See, I'm learning stuff already.   I hadn't thought about it being waterlogged. I'll remover at least the aft section and see what kind of shape its in.  There is flotation foam under the fore and aft seats. The middle seat isn't really a seat.  There is no center to it, so you can walk to the front without stepping over the seat I guess. Its a compartment on the right and very little of a seat on the left. I assume there is foam in it.
There looks like there was thin carpeting on the floor as well. This now only exists under the seats where the PO couldn't remover it.  It looks like it would be good to replace or should I just go with the plywood?

If I have to replace the foam is there a special kind or would HD blue or pink sheets work? How about "Great stuff"?

Greg


----------



## heat seeker (Mar 31, 2013)

This boat might be a bit small for it, but does it have a double hull? We had a 14 footer that did (bought it used). It seemed sluggish and awkward, but we assumed that's the way it was. There was a very small well at the stern that had two thermos-style plugs, and a third plug out the stern. I pulled the two on the sides, and water came out of the lower hull. So, while under way, I pulled all three plugs out, and the water ran out of the lower hull into the mini-well, then out the stern hole. It drained for several minutes, at least, and we could actually feel the boat getting lighter and more responsive. When all the water had drained out, it was a totally different boat! Much lighter, etc.

Yes, I did remember to put the plugs back in before we slowed down. Seems what happened is while the boat was docked, uncovered, rain water ran into the mini well, then leaked past the two plugs into the lower hull until it was full. So, lesson learned - after a rain, or whenever the boat felt sluggish, pull all three plugs while under way and let it drain. I suppose we could have replaced the plugs with ones that didn't leak, but where's the fun in that? There may have been another path for the water to get in, anyway.

Ah, boating memories - I've got a million of 'em. No more boats for me!


----------



## arngnick (Mar 31, 2013)

This stuff is ok for floatation but a little pricey. http://www.sprayfoamdirect.com/products The stuff works great if you have a need for some in your home it may be worth a shot. It would make the boat quiet and strong...The solid foam at HD should work too IMO.

If you rip something out make sure you have a plan on how you are going to replace it. (don't get in to deep LOL) Its all doable though.
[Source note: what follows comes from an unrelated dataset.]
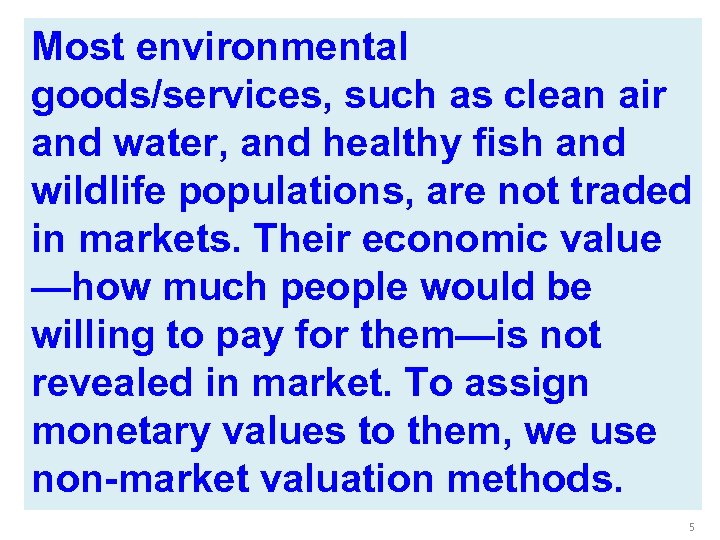 Most environmental goods/services, such as clean air and water, and healthy fish and wildlife populations, are not traded in markets. Their economic value —how much people would be willing to pay for them—is not revealed in market. To assign monetary values to them, we use non-market valuation methods. 5

PS...if you decide to go with foam-it-green I might be able to did up a $50 coupon.


----------



## ironpony (Apr 1, 2013)

well I am suprised , no boat jokes. BOAT= bust out another thousand. The two happiest days of a boat owners life, the day he buys it and the day he sells it. also a hole in the water you throw money in

Good luck with your project.


----------



## heat seeker (Apr 1, 2013)

"A boat is a hole in the water, surrounded by wood (or whatever) into which one pours money."


----------



## Badfish740 (Apr 1, 2013)

Check out www.tinboats.net  This about the time of year I start browsing the forums over there and salivating


----------



## Jags (Apr 1, 2013)

The floatation foam should be a closed cell foam.  Not really the type that "absorbs" water.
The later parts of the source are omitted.